I think I’ll try some barrel fermentation of my SB this year, but I can’t afford barrels at $900 for a 60-gallon container. I love that hint of oak, vanilla and smoke from barrels, and I can achieve that by adding some Heinrich Oak Alternative Oak Shavings, which I can add right at the crusher to give my wine “structure, toastiness and vanilla.”

If the fruit comes in with too much acidity (as it might this year), I can adjust it by adding some potassium carbonate (potash). On the other hand, if the pH is too high, I can lower it with some tartaric, fumaric, malic or citric acid.

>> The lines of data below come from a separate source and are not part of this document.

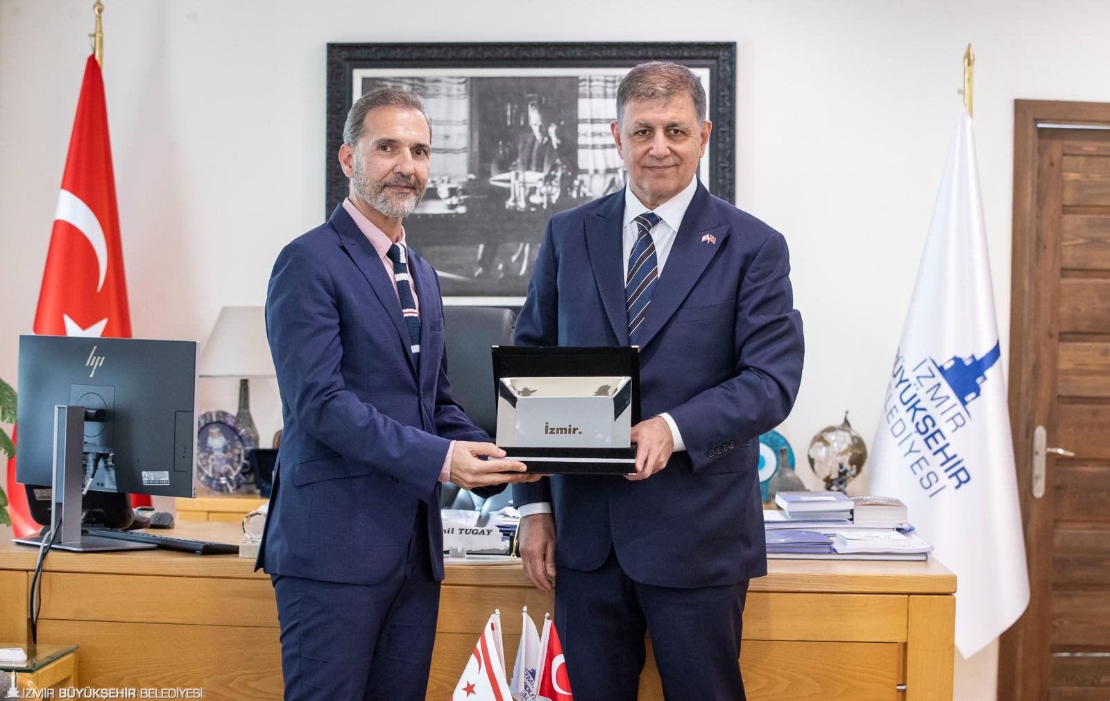 İzmir Büyükşehir Belediye Başkanı Dr. Cemil Tugay, Kuzey Kıbrıs Türk Cumhuriyeti Başkonsolosu Mustafa Davulcu’yu ağırladı.
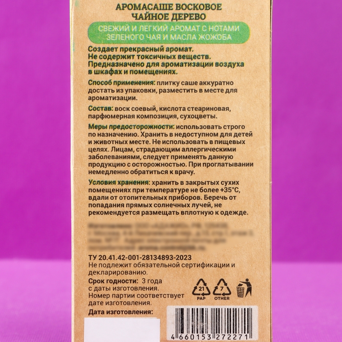 Аромасаше восковое с ароматом чайного дерева – это натуральный ароматизатор, предназначенный для использования в автомобиле. Оно имеет компактный размер и удобную форму, что позволяет разместить его под сиденьем, обеспечивая приятный аромат и создавая уютную атмосферу в салоне автомобиля.
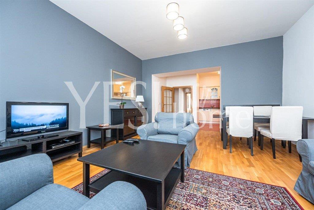 Fully furnished 2 bedroom apartment, 85 sqm, 3rd floor very well maintained building with a lift in a lucrative part of the city, Sázavská street, Praha 2 - Vinohrady. There is an entrance hall, large living room with fully equipped kitchen corner (stove, oven, refrigerator, freezer, dishwasher, microwave, toaster, kettle, coffee maker, dishes), 2 separate bedrooms, bathroom with shower corner, washing machine, dryer and toilet. Available LCD TV, DVD, satellite receiver, WiFi internet. On the floors quality wooden floors combined with tiles. Gas central heating. Great location near metro Náměstí Míru, line A, bus Náměstí Míru or tram. st. Jana Masaryka. Possibility of garage parking in the courtyard for a fee 2 000 CZK + VAT/place/month. Bills 3 400 CZK/apt. + energy 2 000 CZK/month./person. Short term min. 1 month 55 000 CZK all inclusive. Refundable deposit 1 monthly rent. Available immediately.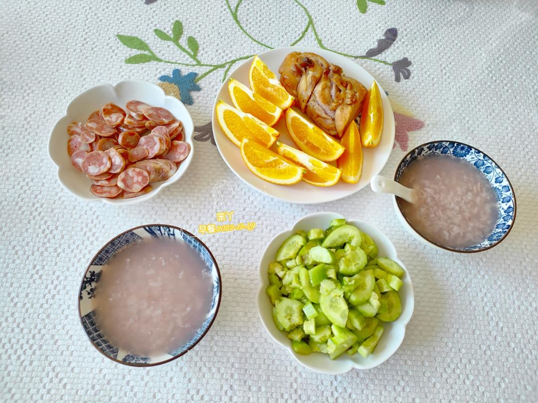 病号饭:红米糯米粥,清拌黄瓜,香肠,橙子。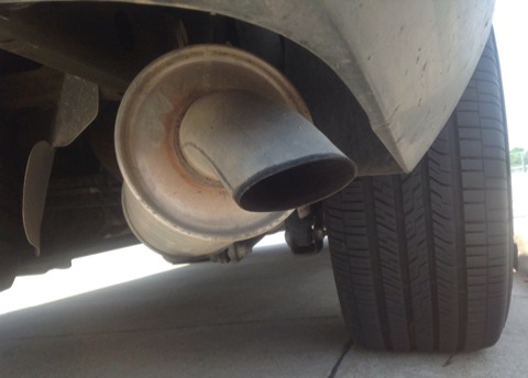 Exhaust pipe on a car releases carbon into the air.

Sometimes, the wine needs a little fine-tuning once it’s fermented. To keep it from turning brown, I’ll have some Defy-Ox (mostly ascorbic acid, or vitamin C) handy. In case it does turn brown, I’ll get some Phenol-Fine clarifier and deodorizer.

To make sure it’s not cloudy, I’ll add some pure bentonite clay, Puri-Bent. Later, before bottling, I’ll probably smooth out any harshness with Isinglass, made from “collagen from the swim bladders of sturgeon” and not (as I’m sure you thought) curtains from the surrey with the fringe on top.

Before bottling, I may use some LGA-20 Gum Arabic Solution that comes from Acacia trees and “increases roundness on the palate as well as body and structure.”

Maybe not, though. I hate messing with nature.